Working with some of the largest and most sophisticated enterprises on developing their cloud strategies has given Roy significant insight into development strategies, design offerings, and the methodologies and capabilities required to help move such businesses to the cloud. Roy’s focus was on cost, data consistency and data modernization, particularly in relationship to people, and it is here that an important role for CAST has been developed:
We are using CAST software to reduce the time to transition from when people move out across projects, and we have started to use CAST in this new domain about creating a knowledge base, keeping it updated. And our studies have shown that it is going to benefit us in our in our ability to transition as people move in and out.
In IBM's view, cost is not the primary driver and instead is seen as one of the outcomes which clients are looking for. Equal - or even bigger - drivers are factors like speed to value, having business requirements met, or they have complex IT systems still working at the end of life. Cost reduction using modernization is certainly important, but the need for them to modernize is wider and reaches across multiple parameters.
He also pointed to the oft-forgotten factor that modernization does not automatically equal the cloud. As a Systems Integration house, it is not unusual for IBM to find that modernization could also be in situ, remaining on premise, or it could be in cloud. Only then does cost become an important component in the decision on which route modernization takes.
He also observed that two distinct flavours of agility need to be considered carefully. One he termed "agility in IT" – the ability to deliver more and more technical options in a much-reduced time. The other, which he now tries to focus all IBM clients on, is business agility - where modernization makes the business, process-wise, run much faster.

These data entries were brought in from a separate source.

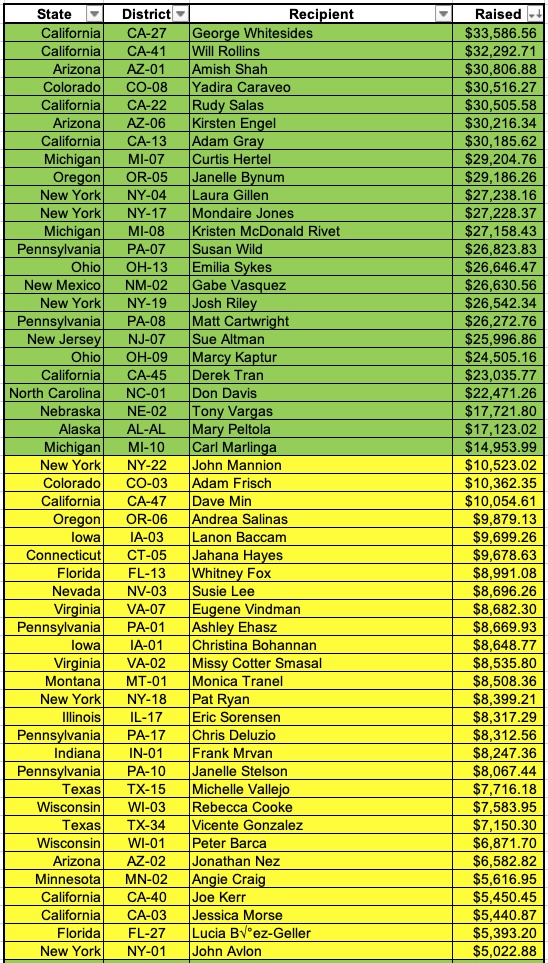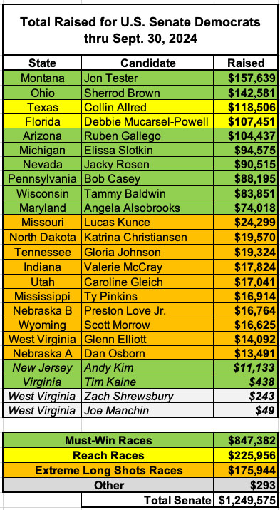 Here's the breakout of my U.S. House fundraising thru the end of September for the 52 races on my main House page (I've also raised lesser amounts ranging from as little as $1.50 to as much as $3,400 apiece for another 180 candidates but it would take too long to fill in all of their districts & states).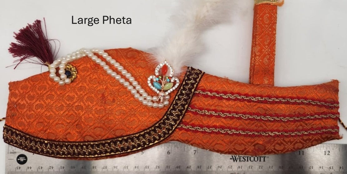 Large (12 inches) phetas fit Ganpati idols greater than 18 inches tall.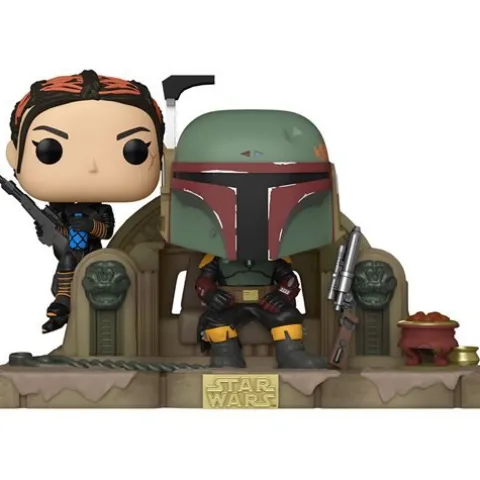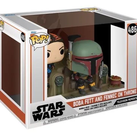 This Star Wars: The Mandalorian Boba Fett and Fennec Shand Pop! Moment features the duo sitting on Jabba’s throne. Comes packaged in a window display box.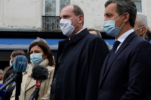 | (De droite à gauche) Jean Castex, Gérald Darmani et la maire de Paris Anne Hidalgo, devant les anciens locaux de "Charlie Hebdo" à Paris le 25 septembre. |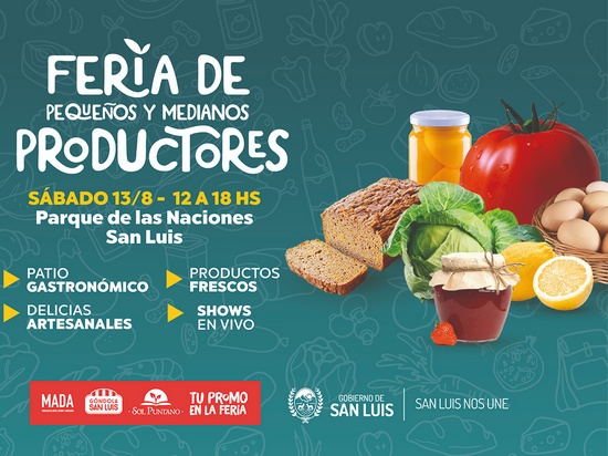 También se suman a la propuesta las artesanías del Mercado de Arte, Diseño y Artesanías (MADA) con manualidades y producciones artesanales para el hogar y regalar. No faltará la producción fresca de Sol Puntano, que ofrecerá distintas variedades de verduras, productos envasados y diferentes cortes de carne, de calidad y a precios accesibles.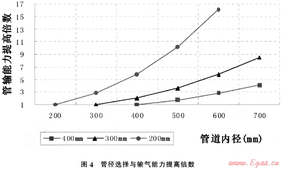 舊有的管網(wǎng)系統(tǒng)中管徑較小的管道有可能是制約管網(wǎng)通過能力的瓶頸。通過管網(wǎng)計算,北京市中壓管網(wǎng)主干線個別管段由于管徑較小,嚴(yán)重阻礙了管網(wǎng)輸送,應(yīng)將此管段進(jìn)行擴(kuò)徑,如香山南路管線,管徑為DN400。全長4000m。其中有一段DN100,導(dǎo)致附近壓力偏低,若將此段管線改為DN400,附近壓力由0.04MPa,升到0.06MPa。圖5所示為擴(kuò)大管徑對管輸能力提高倍數(shù)的影響,計算式:

He picked out a number of factors that IBM has learned so far from this approach, which together are building a consistent pattern. Most importantly, any modernization needs the right set of business outcomes, and as an example he used a long-established Indian bank where the CEO set the business objective as `get the new, younger generation of Indians to become customers’. That meant not only leapfrogging its established banking competitors but also the new crop of internet banks. To do that the business outcome needed to be creating a bank able to provide not just the latest internet banking but also provide a platform to sell a plethora of Financial Services:
Today, they are definitely a step ahead of the banks which were born on the internet and came much later. So that's how our clients are aligning their modernisation journeys to business outcomes and not looking at only technology.
He observed that, having completed `thousands’ of modernisations, IBM has been able to codify much of what it has learned into a set of modernization patterns that can be applied across most requirements in most business sectors. The company claim is that the patterns provide a much less risky approach to modernization.
The role of CAST in managing the influence of individual people, if and when they change roles, is that it becomes the prime mover in the development of operating models, structures and architectures, all based around what the data demands. Roy said:
For an operating model, this is where CAST comes in very handy. Once you have identified the architecture you run the tool, you identify the interdependencies. Then you start identifying where and how the data is to be retained, and the data decides the operating model. Then the operating model, once you have decided, decides the structure and the architecture.